De Palma prioriza sempre a construção de seus personagens e do enredo, do que propriamente as cenas em que ocorre a ação. O diretor adapta uma obra de Stephen King de uma maneira diferente das tantas já adaptadas no mundo do cinema. De Palma coloca na obra uma clara identidade própria, a tal marca registrada. O elenco está muito bem. Mesmo os coadjuvantes, que na maioria, são praticamente totais estereótipos, atuam bem em seus respectivos papéis na trama. Más obviamente quem chama a atenção é Sissy Spacek interpretando Carrie White. Ela incorpora a personagem de tal forma que pensamos ser uma pessoa ''real'' que está ali, sofrendo com tantas humilhações. Sua composição de personagem é perfeita, sua voz está sempre num tom baixo, na escola e na maioria das conversas com sua mãe (um reflexo do medo vivido diariamente por Carrie), sua mudança de expressão no baile, o momento no qual ela fica fora de si, etc. Enfim, tudo se completa numa atuação brilhante, quase perfeita. Piper Laurie também está excelente como a mãe opressora de Carrie, Margaret White. Ela transmite os sentimentos de sua personagem de uma forma excepcional. Sua personagem assusta não só Carrie, e sim o público que assiste. Laurie compõe eficientemente uma religiosa fervorosa com atitudes extremamente rigorosas em relação as escolhas de sua filha.
Mais é de Brian De Palma o maior mérito pelo sucesso de tal obra. Ele a dirige competentemente desde a 1ª cena, até o seu desfecho (com uma música linda aliás). De Palma age corretamente a não apresentar ao fundo as personalidades dos coadjuvantes. Apenas sabemos que muitos deles estão ali somente para humilhar e perturbar Carrie apenas por diversão, e o diretor mostra isso de uma maneira muito eficiente. Ele retira somente o necessário da obra de King (tirando o foco da investigação), e também utiliza a câmera em 1ª pessoa por diversos momentos, trazendo um tom mais real para tais cenas. Há ainda a ótima trilha sonora, muito bem colocada por De Palma ao longo do filme. A obra é eficiente em quase todos os aspectos. Direção, atuações, roteiro, trilha sonora. Um filme daquelas que não poderiam ser refilmados, pois a essência da obra está na época de seu lançamento, o impacto causado naquela época certamente não é tão grande atualmente.
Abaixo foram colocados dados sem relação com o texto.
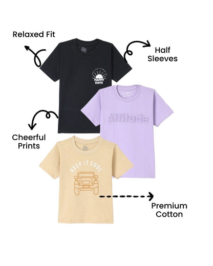 Pack of 3 Printed Premium Cotton Half Sleeves T-Shirt for Boys - Beige, Black & Purple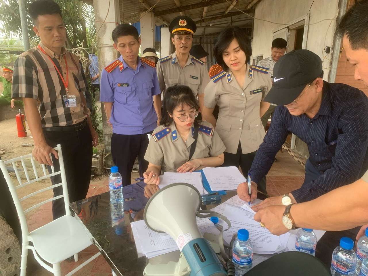 Tại thời điểm cưỡng chế, mặc dù đã được thông báo hợp lệ nhưng người phải thi hành án vắng mặt không có lý do chính đáng. Sau khi Chấp hành viên công bố quyết định cưỡng chế, lực lượng tham gia cưỡng chế nhanh chóng triển khai theo kế hoạch, tiến hành lập biên bản liệt kê tài sản, niêm phong và di chuyển ra khỏi khu vực cưỡng chế đến kho bảo quản và tiến hành giao đất, tài sản gắn liền với đất cho người được đúng quy định pháp luật.

Uma obra à ser lembrada por sua história singular, pelo clima eficientemente construído e que vai mudando de acordo com os acontecimentos. Tudo isso realizado de uma forma pelo excepcional pelo diretor. E pensar que não é nem um dos 5 melhores dele .. De Palma é de fato um exímio naquilo que faz, um dos grandes diretores que surgiram no final da década de 60, e felizmente está até hoje na ativa.